# How to complete this task
Leave the pictures out. Return the rest of the listing below exactly.

:: Dataset content

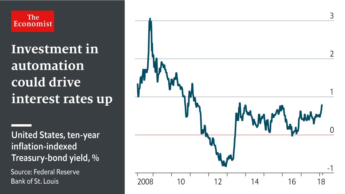 Central banks are now starting to push rates slightly higher. And according to a new paper* from Bain, a management consultancy, the trend towards robotics will push them higher still—at least for a decade. That could be a shock for the financial markets.
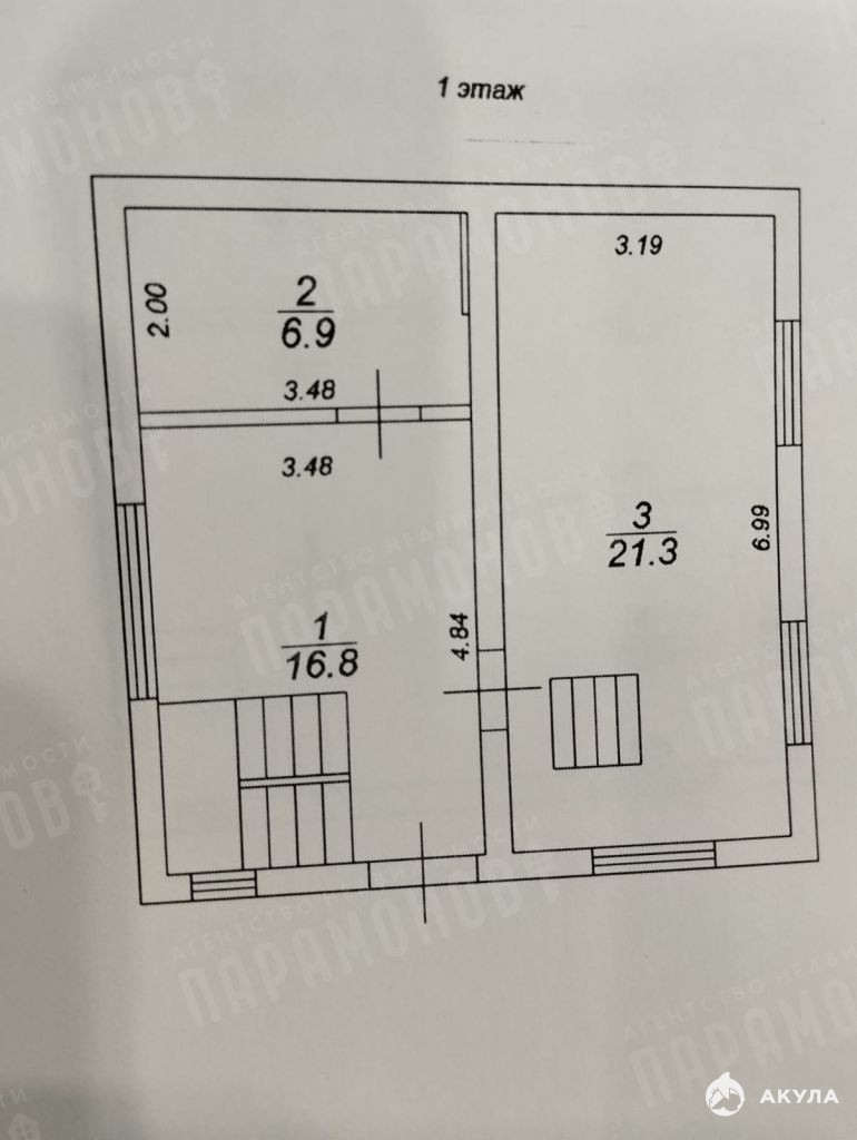 На первом этаже большая кухня-гостиная площадью 21, 3 кв.м. (прекрасное место для семейного времяпрепровождения и встречи гостей), сан/узел 7 кв.м., и просторный холл 16, 8 кв.м.
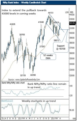 - The Bank Nifty gained for the third consecutive week amid firm global cues and closed higher by 2.6% at 42132 levels. Decline in CPI inflation for March further boosted sentiment. The weekly price action formed a strong bull candle with a higher high-low signalling continuation of the up move.
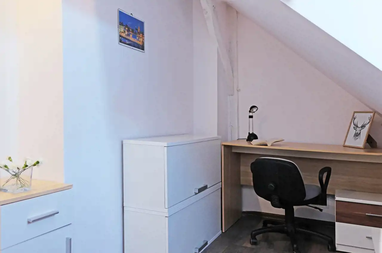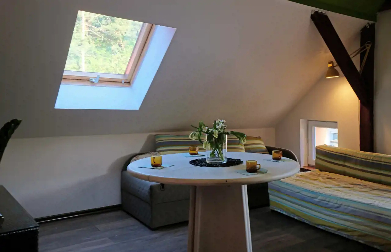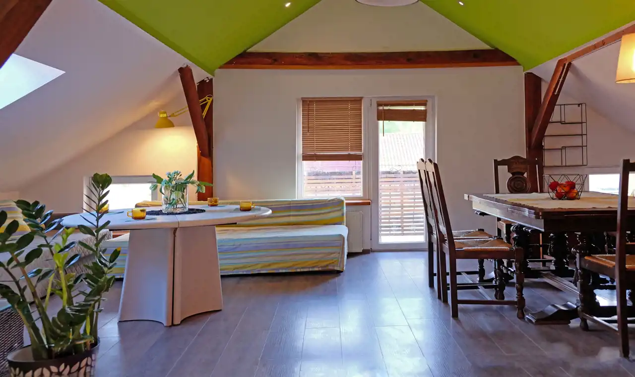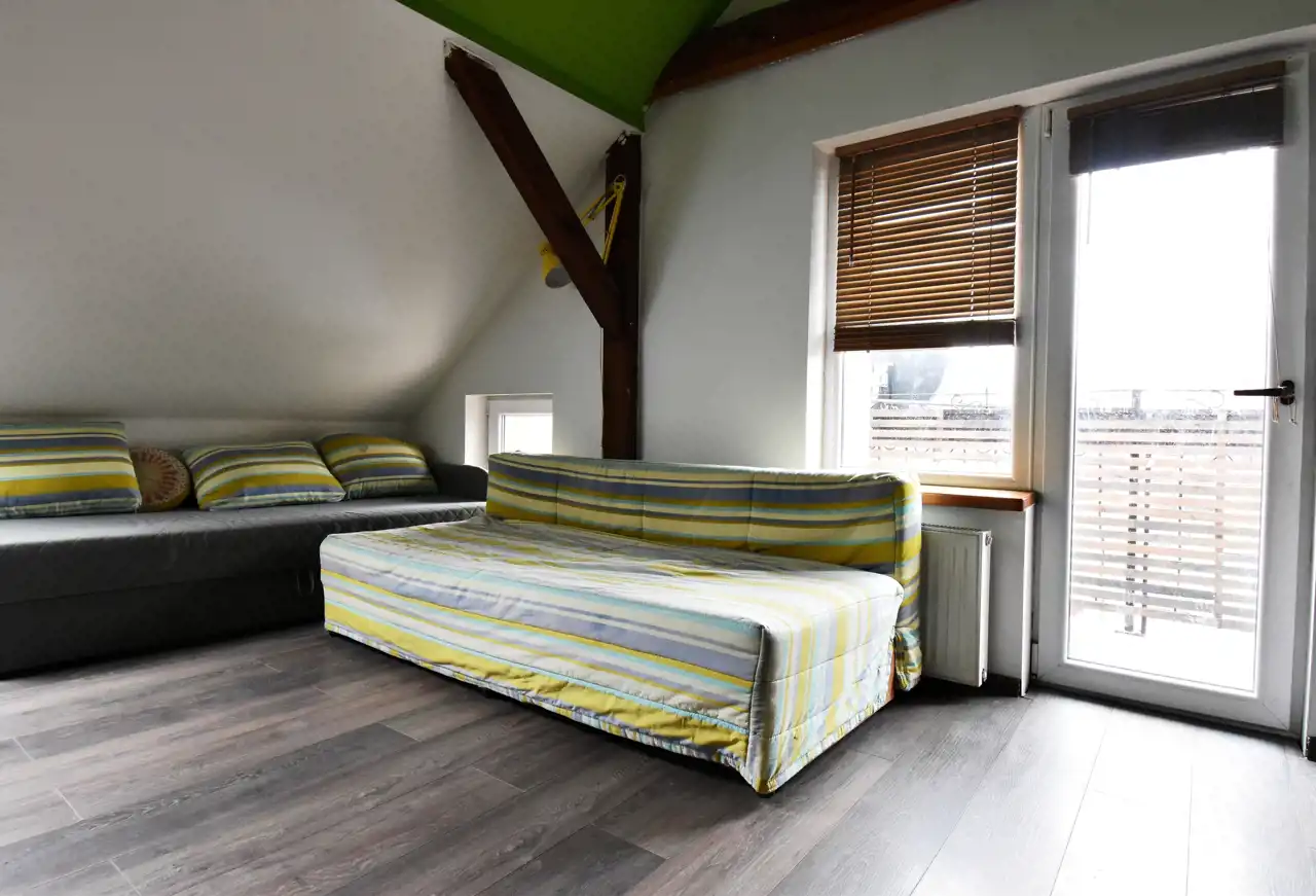 W skład poddasza( powierzchnia ok. 60m.kw) wchodzi : 2 pokoje, kuchnia, spiżarnia, salon, łazienka, balkon

::::

# Reply
 Central banks are now starting to push rates slightly higher. And according to a new paper* from Bain, a management consultancy, the trend towards robotics will push them higher still—at least for a decade. That could be a shock for the financial markets.
 На первом этаже большая кухня-гостиная площадью 21, 3 кв.м. (прекрасное место для семейного времяпрепровождения и встречи гостей), сан/узел 7 кв.м., и просторный холл 16, 8 кв.м.
 - The Bank Nifty gained for the third consecutive week amid firm global cues and closed higher by 2.6% at 42132 levels. Decline in CPI inflation for March further boosted sentiment. The weekly price action formed a strong bull candle with a higher high-low signalling continuation of the up move.
 W skład poddasza( powierzchnia ok. 60m.kw) wchodzi : 2 pokoje, kuchnia, spiżarnia, salon, łazienka, balkon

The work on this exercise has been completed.